Global Climate Data (GCD) : Main Dataset

Number of files: 100.791
Format: .dly files (Complete Works Wordprocessing Template)
Size: 26.5 GB
Features: 46
Source Date: 1763 - 2015

World Bank (WB) : Complementary Dataset

Number of files: 1
Format: .csv
Size: ~15 MB
Features: 82
Source Date: 1960 - 2015

Feauture Types

Core Feautures

GCD Dataset

ID : Nominal (station identification code)
YEAR : DateTime (year of the record)
MONTH : DateTime (month of the record)
PRCP : ratio-scaled (Precipitation (tenths of mm))
SNOW : ratio-scaled (Snowfall (mm))
SNWD : ratio-scaled (Snow depth (mm))
TMAX : interval-scaled (Maximum temperature (tenths of degrees C))
TMIN : interval-scaled (Minimum temperature (tenths of degrees C))
MFLAG : Nominal,Integer (measurement flag)
QFLAG : Nominal,Integer (quality flag)
SFLAG : Nominal,Integer (source flag)

WB Dataset

Agricultural land (sq. km) : float
Forest area (sq. km) : float
Electricity production from oil sources (% of total) : ratio-scaled
Renewable electricity output (% of total electricity output) : ratio-scaled
Electricity production from renewable sources, excluding hydroelectric (kWh) : float
Electricity production from renewable sources, excluding hydroelectric (% of total) : ratio-scaled
Renewable energy consumption (% of total final energy consumption) : ratio-scaled : float
Energy use (kg of oil equivalent) per $1,000 GDP (constant 2011 PPP) : float
Electric power consumption (kWh per capita) : float
Energy use (kg of oil equivalent per capita) : float
CO2 emissions (kt) : float
Other greenhouse gas emissions, HFC, PFC and SF6 (thousand metric tons of CO2 equivalent) : float
Annual freshwater withdrawals, total (billion cubic meters) : float
Terrestrial protected areas (% of total land area) : ratio-scaled
Population growth (annual %) : ratio-scaled

Rest of the features also belong to the Integer, Nominal, interval-scaled and ratio-scaled type. We are not writing them down in this report to limit the size of the report, but we will invoke them for analysis in future work.

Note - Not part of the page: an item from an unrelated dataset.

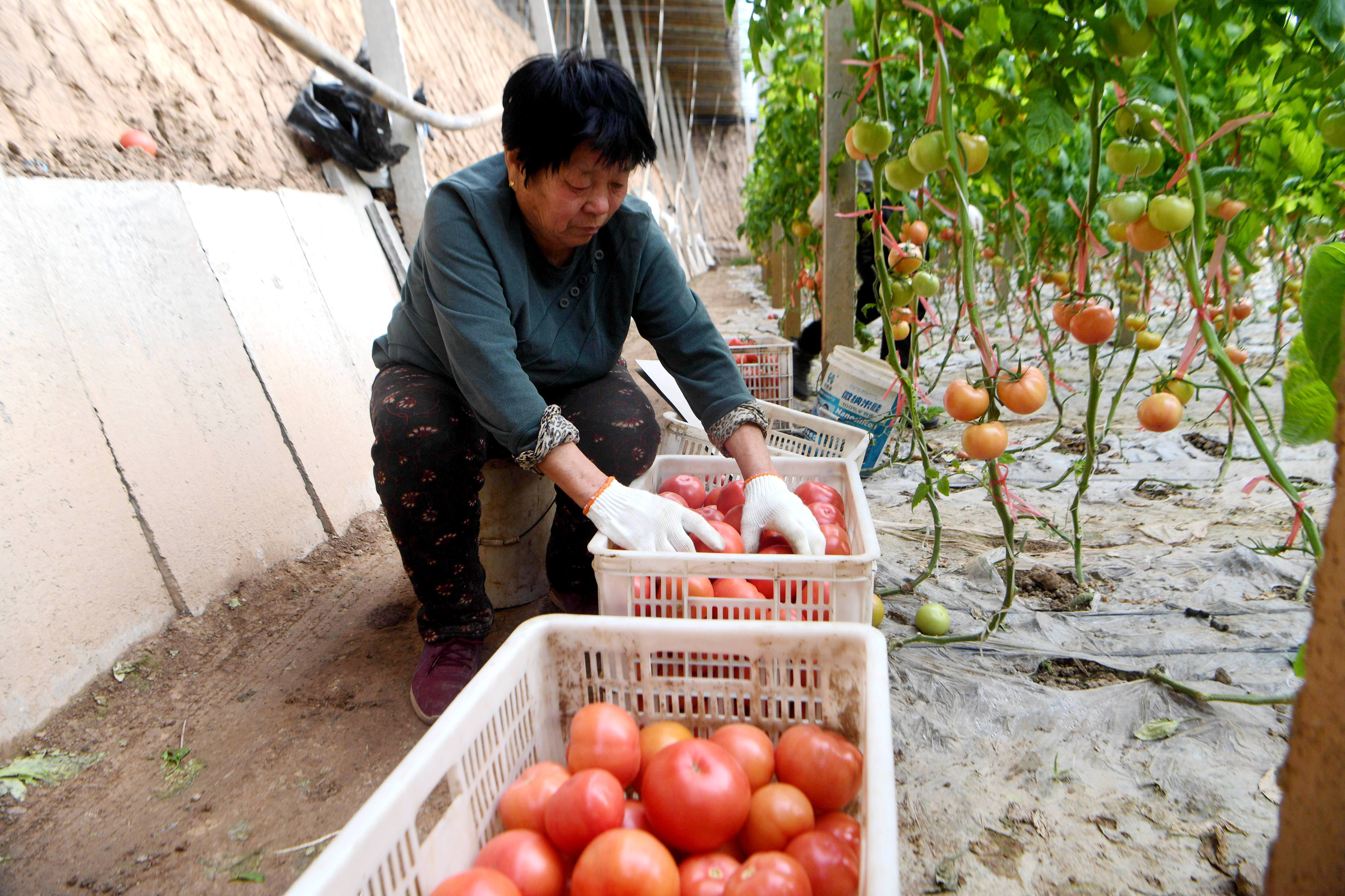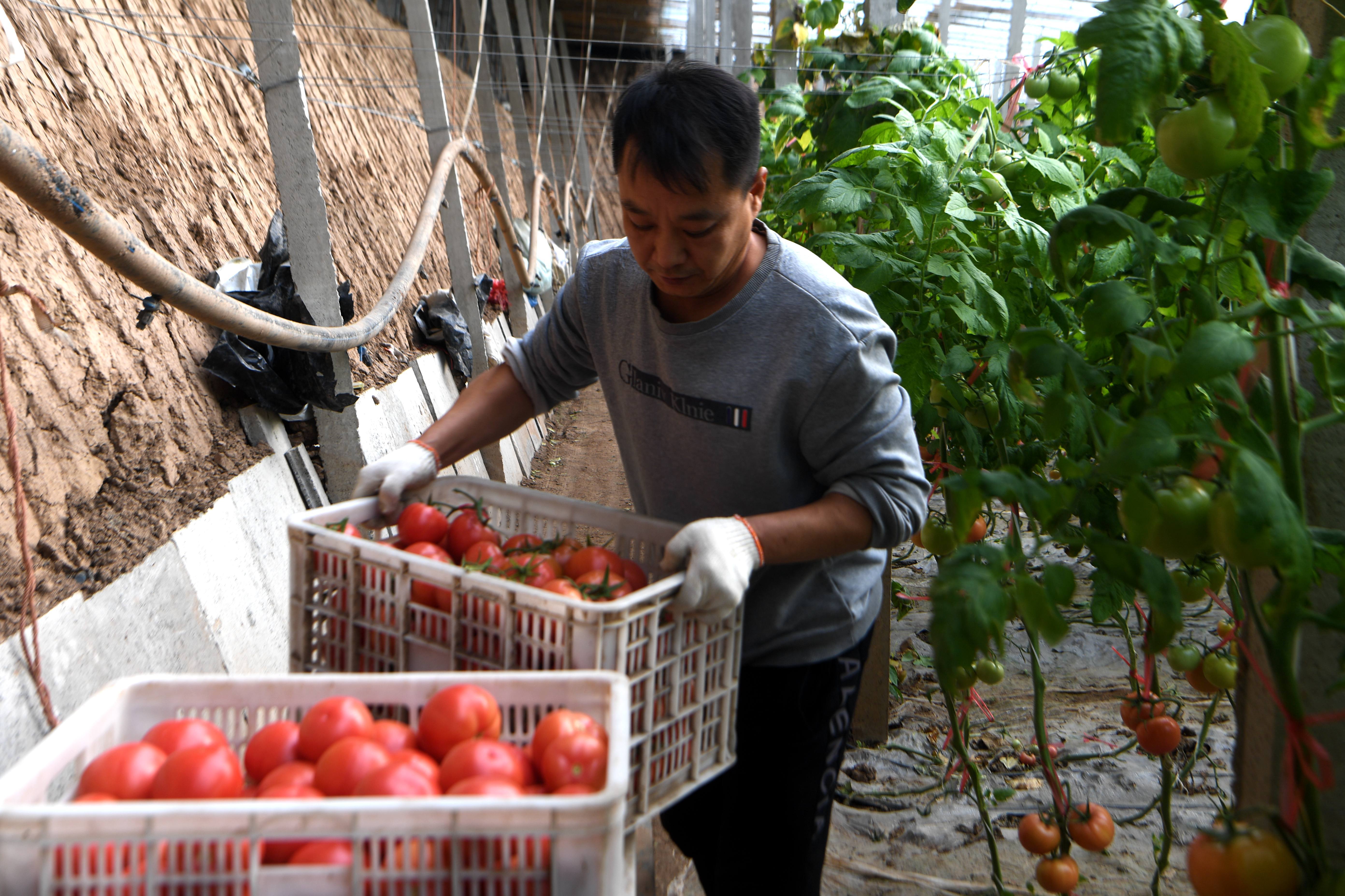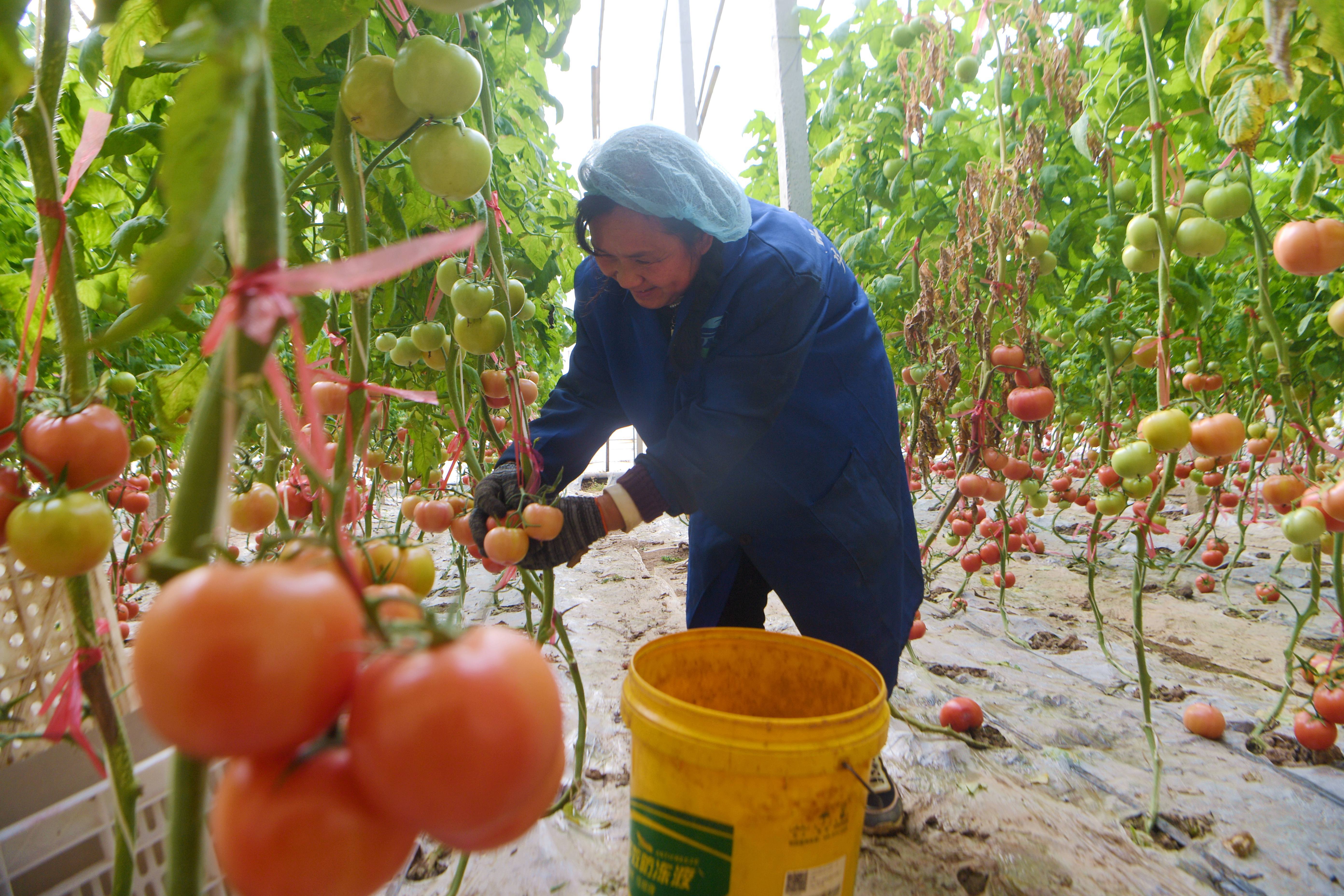 采收西红柿。崔佳栋 摄
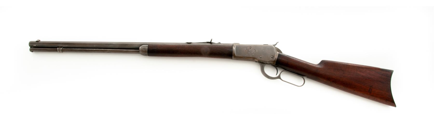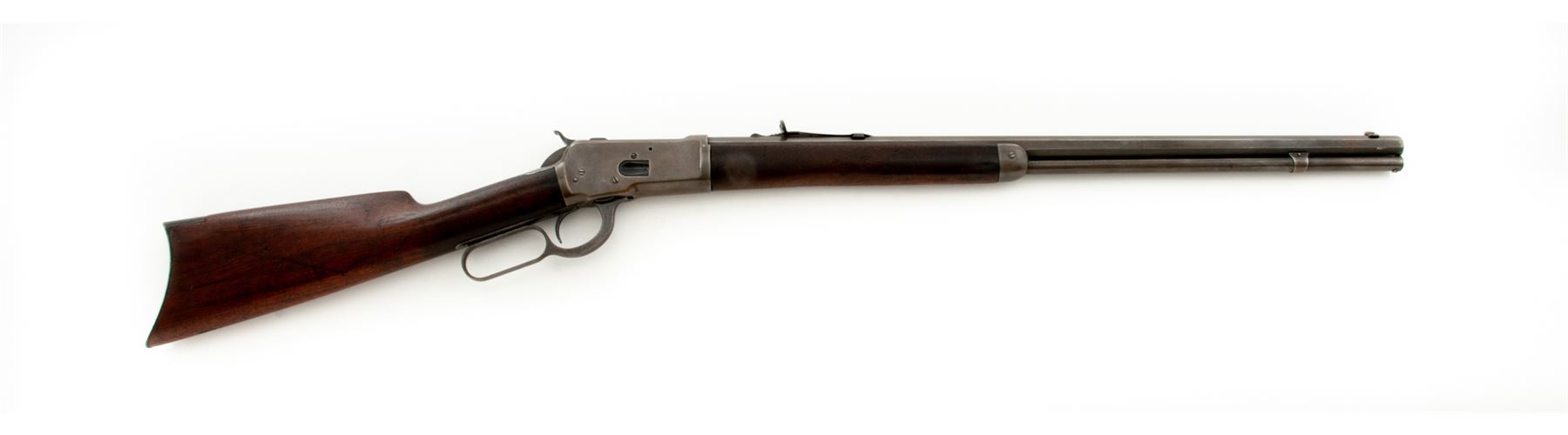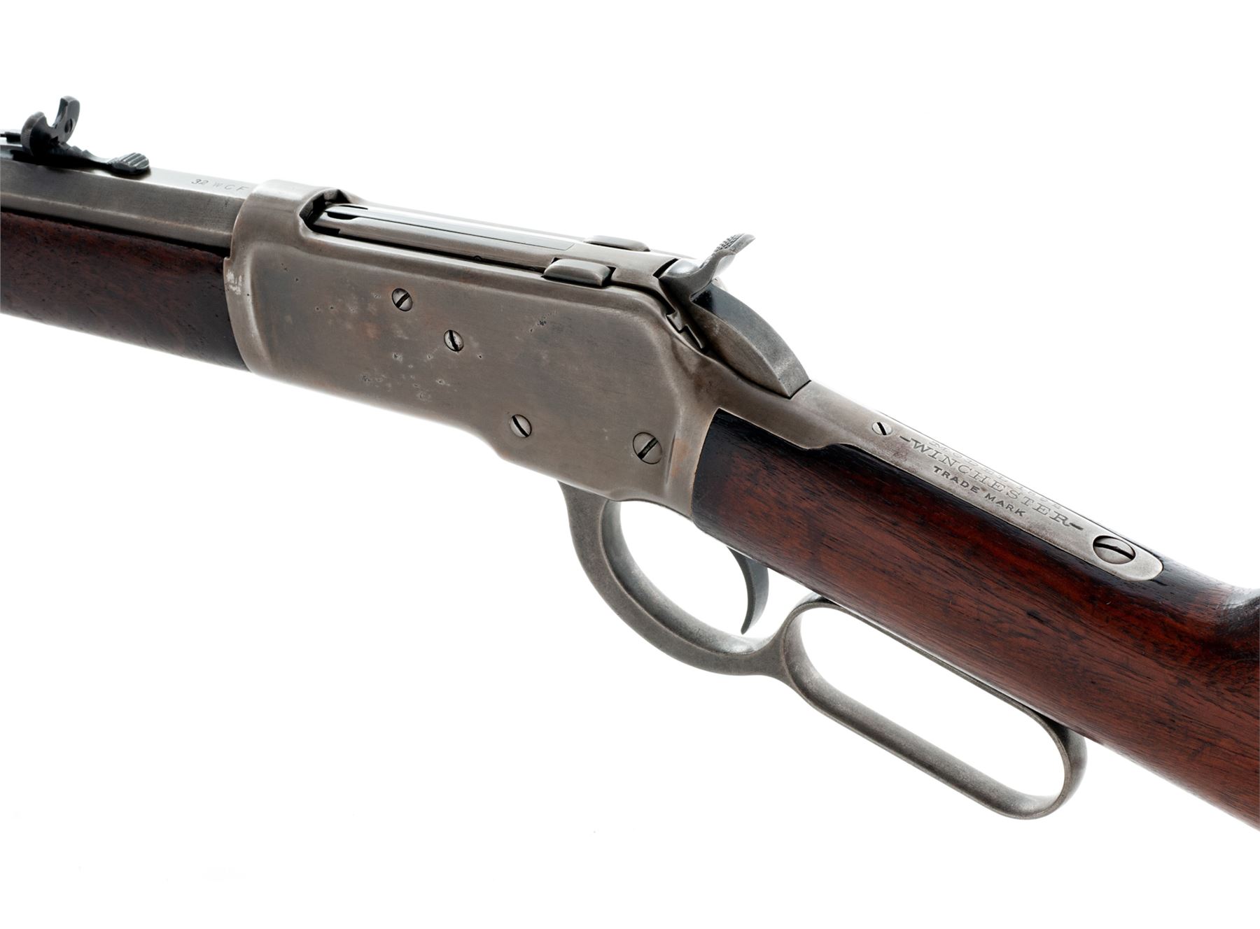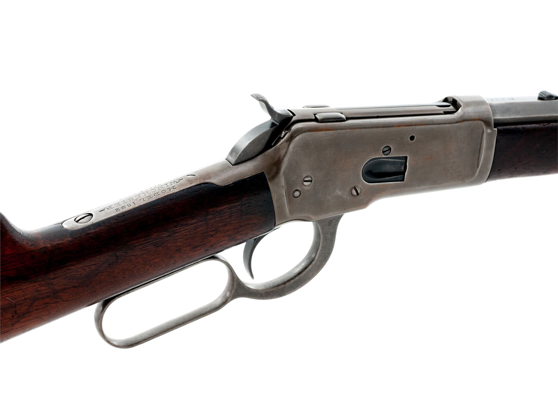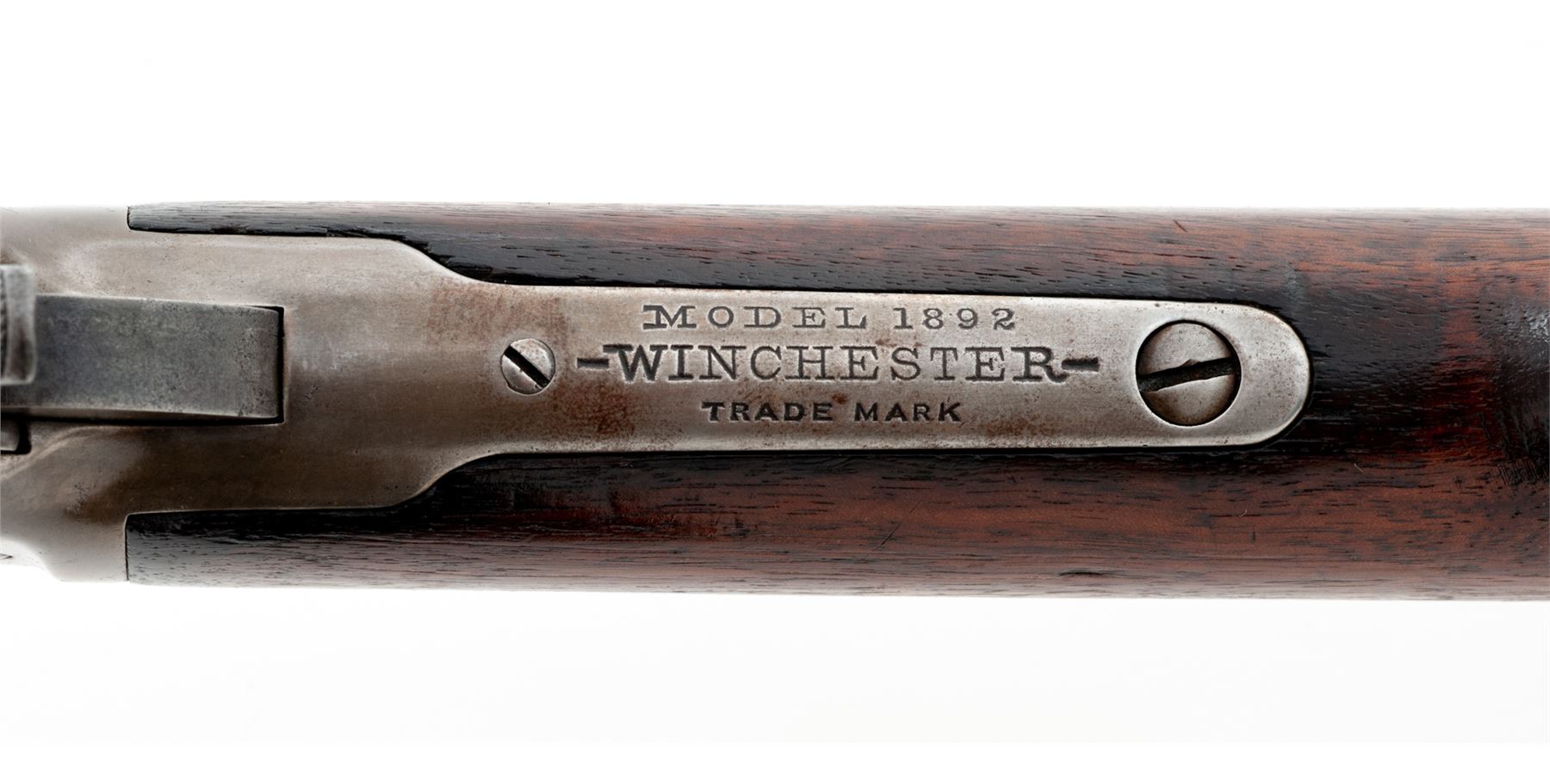 Winchester Model 1892 Lever Action Repeating Cartridge Rifle, #283833, .32-20 WCF cal., 24'' octagonal barrel with dovetailed blade front and adjustable buckhorn sporting rear sights marked on top flat with Winchester address and 1884 patent date in two lines ahead of rear sight, and ''32 W.C.F.'' ahead of breech; full-length under-barrel cartridge magazine tube; steel receiver marked on top tang ''Model 1892/-Winchester-/Trade Mark'' in three lines; oil-stained walnut forend and buttstock with steel crescent buttplate. Originally blued and case hardened finishes. Mfg'd 1905. Condition is very good, the barrel retaining approx. 20% thinning blue, the balance of the metal a smooth brownish-gunmetal patina. Stocks are smooth with minor handling marks and saddle wear to bottom of forestock. Action is smooth and crisp; bore is bright with pronounced rifling. Est.: $500-$750. (C&R)

Data Structure and Collection

Our dataset consists of many .dly files. Each .dly file contains data for one station. The name of the file corresponds to a station's identification code. For example, "USC00026481.dly" contains the data for the station with the identification code USC00026481.

In order to make use of our dataset we decided to merge the .dly files into one using cat * > merged_dataset.dly Then using data frames, every entry contains all the measurements of a station for all the available dates. Additionally, we decided to create a script to directly download the desired dataset for any station from the source through ftp.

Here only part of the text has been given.